Mama sumringah. Aku menatap Ayah. Akankah terjadi lagi untuk kesekian kalinya? Tidak. Aku telah bertekad bahwa ini adalah yang terakhir. Aku menoleh pada Eyang, hendak membantah kata-kata nya meski aku tahu akan berujung murka. Tapi sebelum itu, suara Ayah lebih dulu terdengar.

"Maaf Ibu. Sekali ini biar kujalankan fungsi ku sebagai seorang Ayah." Ayah lalu menatap Huda. "Besok bersiap siap, kita akan menemui keluarga Saksia."

"Apa?!" Huda bahkan berdiri dari kursinya. Dia membanting sendok ke atas piring hingga menimbulkan suara berisik. Eyang dan Mama yang selama ini memanjakan dan selalu menuruti apapun keinginannya menyulap Huda menjadi pribadi yang semaunya sendiri.

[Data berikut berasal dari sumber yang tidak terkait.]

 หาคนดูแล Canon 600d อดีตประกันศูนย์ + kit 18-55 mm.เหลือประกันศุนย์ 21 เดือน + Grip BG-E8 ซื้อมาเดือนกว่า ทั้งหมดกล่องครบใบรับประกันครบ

"Aku tidak mau menikah sekarang. Jangan paksa aku Ayah!" Dia bahkan berteriak pada Ayah.

"Huda! Jangan berani berteriak di depan Ayah!" Seruku.

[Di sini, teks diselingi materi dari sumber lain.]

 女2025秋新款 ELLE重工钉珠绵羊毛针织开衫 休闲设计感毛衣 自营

Huda tampaknya tersadar. Dia duduk lagi dengan wajah keruh. Meja makan ini kerap menjadi saksi pertengkaran kami. Dan makanan tak berdosa yang tersaji di atasnya, yang terkadang menjadi dingin lalu tak lagi disentuh.

"Kalian selalu meributkan hal tak penting. Bukankah Ibu sudah memutuskan bahwa Huda tak akan menikahi Saskia." Suara Mama tajam.

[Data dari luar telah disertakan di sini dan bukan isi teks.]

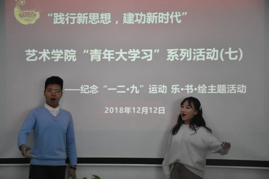 最后,刘潇老师号召同学们不忘初心,牢记历史,弘扬爱国报国的优良传统铭记“一二·九”活动。太阳成tyc122cc集团同学们发挥自己的专业特长,用独特的艺术形式,表达了对“一二·九”活动的理解与纪念。通过本次活动同学们有了更深的历史责任感与使命感。

"Aku Ayahnya. Dan aku yang akan memutuskan." Ujar Ayah tenang.

Namun tiba-tiba, Eyang memegangi dada. Aku mendesah. Ini sungguh bukan yang pertama kalinya terjadi. Drama itu akan terulang lagi. Mama berlari memburu ke arah Eyang dan berteriak.

"Berhentilah memaksa Huda! Kalian hanya membuat Eyang sakit!"

"Kalau begitu silahkan Mama dan Huda selesaikan sendiri masalah Saskia. Aku tak mau lagi ikut campur." Ujarku getas.

Suasana mendadak hening. Tentu saja, menghadapi wanita korban rudapaksa yang dilakukan Huda bukan hal menyenangkan. Karena itu, akulah yang selalu mereka sodorkan untuk menyelesaikan semua masalah ini.

"Kak Elisa…"

Aku menggeleng. Menatap Mama yang masih mengurut urut dada Eyang, lalu berpaling pada wajah Eyang, yang entah bagaimana masih terlihat cantik.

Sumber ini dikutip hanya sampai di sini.